I have implemented NAG following this tutorial
http://cs231n.github.io/neural-networks-3/#ada
It works, in fact with mu = 0.95 I get a good speed-up in learning compared to standard gradient descent, but I am not sure I implemented it correctly. I have a doubt about the gradient estimate I am using.
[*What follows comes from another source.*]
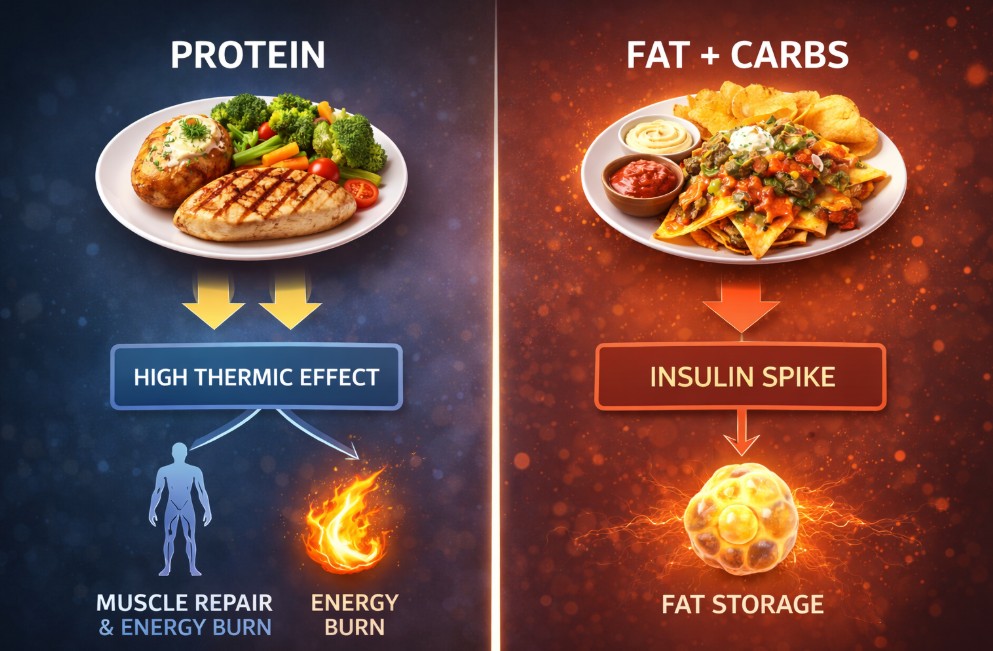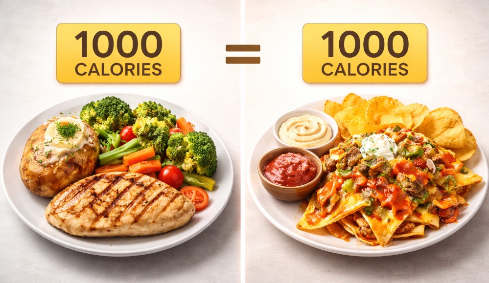 A meal of grilled chicken, vegetables, and potatoes sends very different signals than a meal of chips, nachos, or sugary snacks—even if the calorie totals are identical.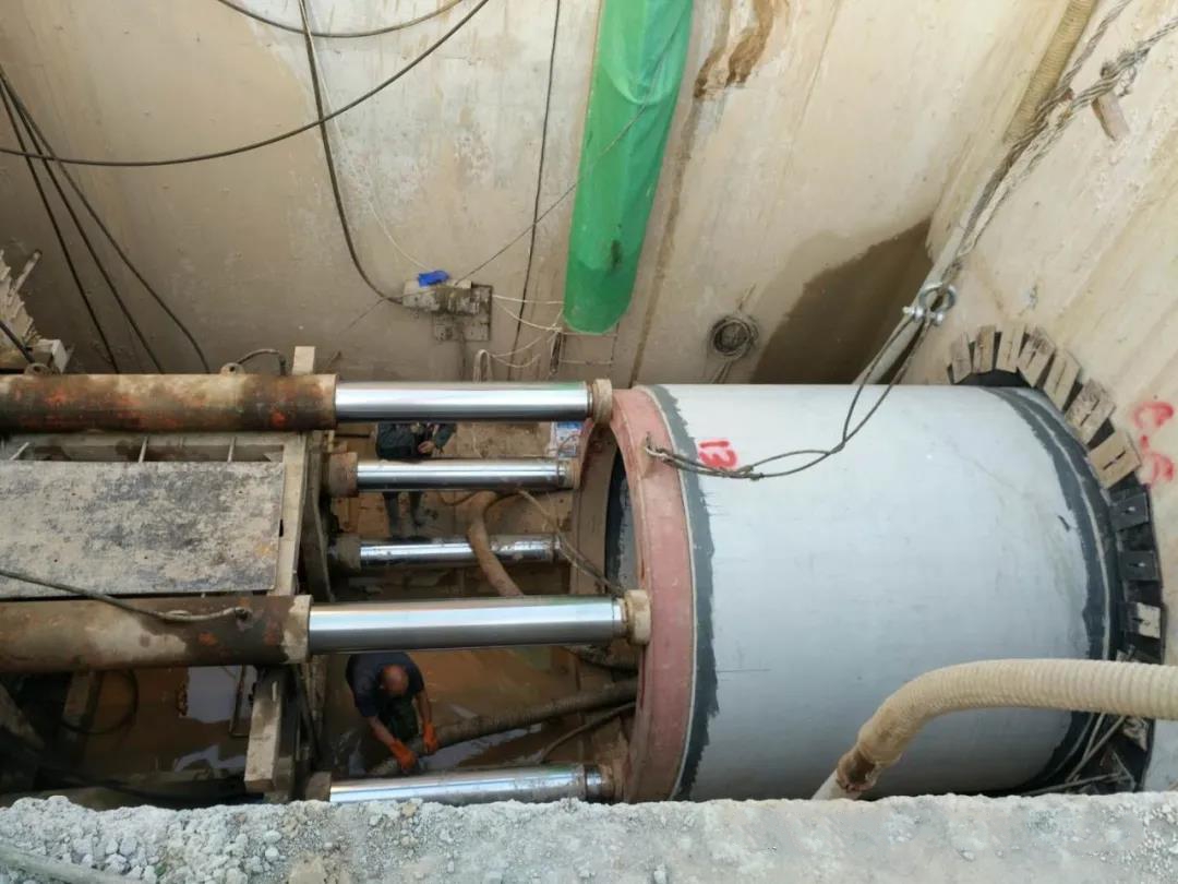 項(xiàng)目部三措并舉,強(qiáng)化“質(zhì)量意識(shí)”。頂管作業(yè)中,因有100米距離位于河道內(nèi),屬于濕陷性地質(zhì),施工人員通過(guò)干插片石、澆筑混凝土的方法進(jìn)行了墊層換填,提升了基層承載力,有效防止管道下沉;進(jìn)行頂管作業(yè)時(shí),部分路段需下穿房屋,為防止出現(xiàn)房屋開(kāi)裂或下沉的情況,施工人員積極研究對(duì)策,決定采用頂管穿過(guò)房屋后及時(shí)注漿的措施,保證上方房屋安全;頂管機(jī)出洞吊裝時(shí),先用鋼板對(duì)2.4米口徑的管道進(jìn)行連接,并在管口處設(shè)置護(hù)管、抹帶,提升管道間的穩(wěn)定性和密封性,防止發(fā)生滲水現(xiàn)象,為后續(xù)施工開(kāi)展打下堅(jiān)實(shí)基礎(chǔ)。

This is the matlab code:
% backup previous velocity
vb_prev = nn.vb{l};
vW_prev = nn.vW{l};
% update velocity with adapted learning rates
nn.vb{l} = nn.mu*vb_prev - lrb.*nn.db{l};
nn.vW{l} = nn.mu*vW_prev - lrW.*nn.dW{l};
%update weights and biases
nn.b{l} = nn.b{l} - nn.mu*vb_prev + (1 + nn.mu)*nn.vb{l};
nn.W{l} = nn.W{l} - nn.mu*vW_prev + (1 + nn.mu)*nn.vW{l};
which is exactly what is written in the tutorial. db and dW are my gradient estimates, but I am not sure if they are correct since I estimate them at W, not at W_ahead = W + mu*v.
Should I change something before forward and back-propagation to have a different gradient estimate? Or is NAG correct like this?
It works, but I would like to have a correct implementation of NAG.
Any help is appreciated, thank you very much!